Ludovico Gelmi

Personal information
- Date of birth: 2 May 2001 (age 24)
- Place of birth: Alzano Lombardo, Italy
- Height: 1.91 m (6 ft 3 in)
- Position: Goalkeeper

Team information
- Current team: Atalanta

Youth career
- 2011–2021: Atalanta

Senior career*
- Years: Team / Apps / (Gls)
- 2021–: Atalanta / 0 / (0)
- 2021–2022: → Feralpisalò (loan) / 13 / (0)
- 2022: → Pro Vercelli (loan) / 0 / (0)
- 2022–2023: → Olbia (loan) / 18 / (0)
- 2023–2024: → Atalanta U23 (res.) / 0 / (0)
- 2024: → Monopoli (loan) / 16 / (0)
- 2024–2025: → Atalanta U23 (res.) / 0 / (0)
- 2025: → Catanzaro (loan) / 0 / (0)

International career^{‡}
- 2016: Italy U15 / 4 / (0)
- 2017: Italy U16 / 1 / (0)
- 2017–2018: Italy U17 / 5 / (0)
- 2018: Italy U18 / 2 / (0)

= Ludovico Gelmi =

Italian footballer

Ludovico Gelmi (born 2 May 2001) is an Italian professional footballer who plays as a goalkeeper for club Atalanta.

==Club career==
Born in Alzano Lombardo, in 2011 Gelmi joined to Atalanta youth system.

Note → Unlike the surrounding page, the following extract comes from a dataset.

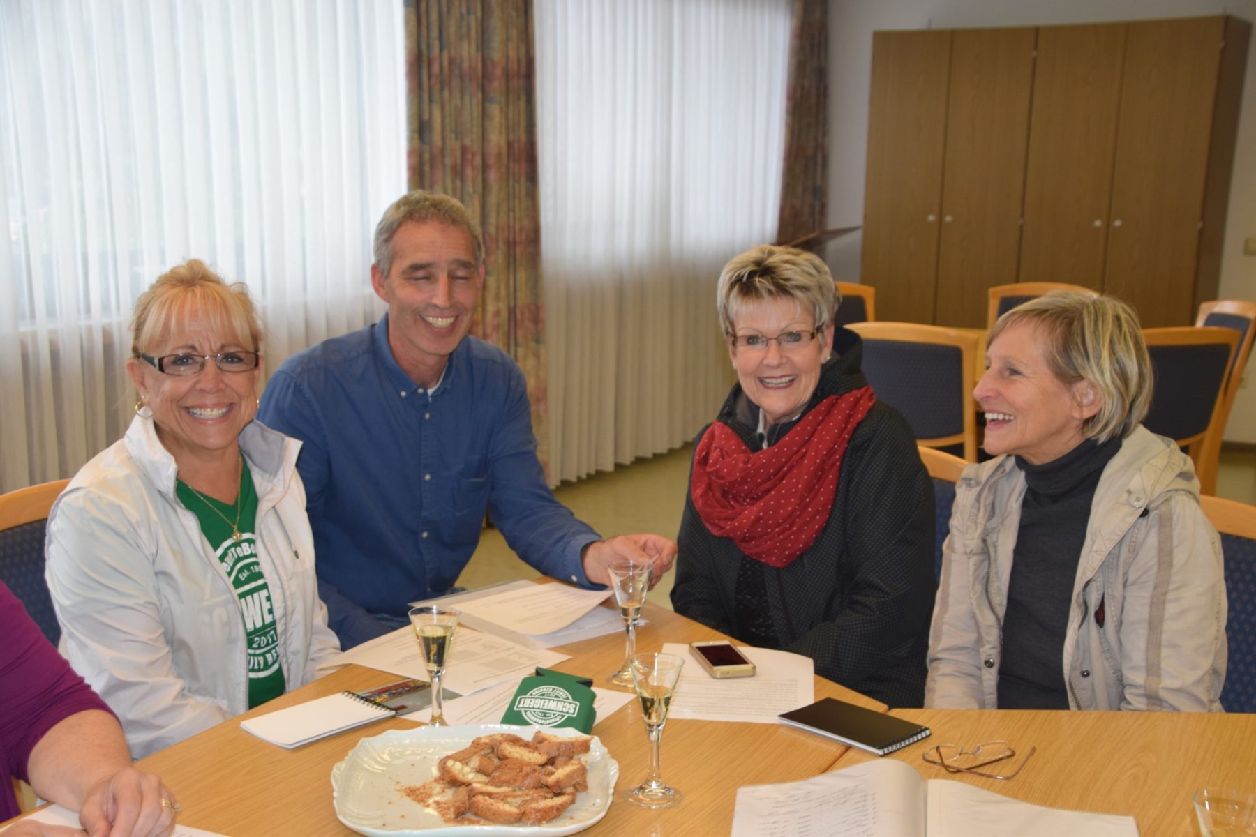 Gemeinsam studierten (von links) Mary Brock, Thomas Laifer, Deb Angelbeck und Astrid Litty in den Unterlagen über die Nordracher Vorfahren.

On 7 July 2021, he joined to Serie C club Feralpisalò on loan. Made his debut in Serie C on 28 August against Fiorenzuola.

On 31 January 2022, Gelmi moved on a new loan to Pro Vercelli.

On 14 July 2022, he joined Olbia on loan.

On 11 January 2024, Gelmi was loaned to Monopoli.

On 17 January 2025, he joined Serie B side Catanzaro on loan.

==International career==
Gelmi is a former youth international for Italy.